The chestnut man touched his cap as Alice approached him. She proffered twopence and said, ‘I believe these gentlemen could catch a bus from here to Charing Cross, is that right?’

It was as neat a way as she could have contrived to terminate the interview.

‘That’s right, miss. Cost ’em a bob each.’ He shovelled a large helping of chestnuts into a bag. Cribb stepped forward to take them, since Thackeray was still holding the basket and they were clearly too hot for a young lady to handle. He passed them to Thackeray in such a way that his back was towards Alice as he deliberately tore the side of the paper bag and dropped the still smoking nuts among the oranges in the basket.

‘Moses, Sarge!’ said Thackeray in bewilderment.

‘Another bag, if you please,’ called Cribb to the salesman.

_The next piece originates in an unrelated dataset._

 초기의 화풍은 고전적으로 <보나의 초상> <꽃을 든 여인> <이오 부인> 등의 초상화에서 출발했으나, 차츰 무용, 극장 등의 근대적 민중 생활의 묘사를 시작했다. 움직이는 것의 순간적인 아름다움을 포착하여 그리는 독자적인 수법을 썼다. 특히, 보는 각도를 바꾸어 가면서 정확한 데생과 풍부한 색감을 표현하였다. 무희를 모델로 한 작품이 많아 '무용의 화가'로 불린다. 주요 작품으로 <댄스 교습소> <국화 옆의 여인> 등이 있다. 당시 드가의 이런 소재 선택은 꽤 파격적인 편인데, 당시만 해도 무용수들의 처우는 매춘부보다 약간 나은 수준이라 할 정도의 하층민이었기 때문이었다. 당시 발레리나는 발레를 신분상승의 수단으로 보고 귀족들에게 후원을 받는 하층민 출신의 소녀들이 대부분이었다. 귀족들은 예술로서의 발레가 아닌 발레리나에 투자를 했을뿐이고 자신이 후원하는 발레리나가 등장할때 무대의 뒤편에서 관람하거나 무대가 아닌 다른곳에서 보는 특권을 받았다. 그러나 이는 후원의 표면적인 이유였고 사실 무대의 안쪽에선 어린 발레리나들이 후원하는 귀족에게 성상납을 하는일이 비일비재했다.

It was the work of a few seconds to retrieve the hot nuts, and no visible damage was done to the fruit or the basket. To Thackeray it was a wholly mysterious incident, but he contained his curiosity until Miss Probert had set off again along Hill Street on her errand. ‘Why did you do it, Sarge?’ he asked, biting with relish into a chestnut.

‘I wanted to see what was under that layer of oranges. Didn’t you notice?’

‘Yes, Sarge. A lady’s hairbrush and comb. There’s nothing extraordinary in that, is there?’

‘That’s a matter I want you to investigate, Constable. Follow Miss Probert and find out where she goes. You’d better leave the nuts with me, or she’ll smell you coming a mile off.’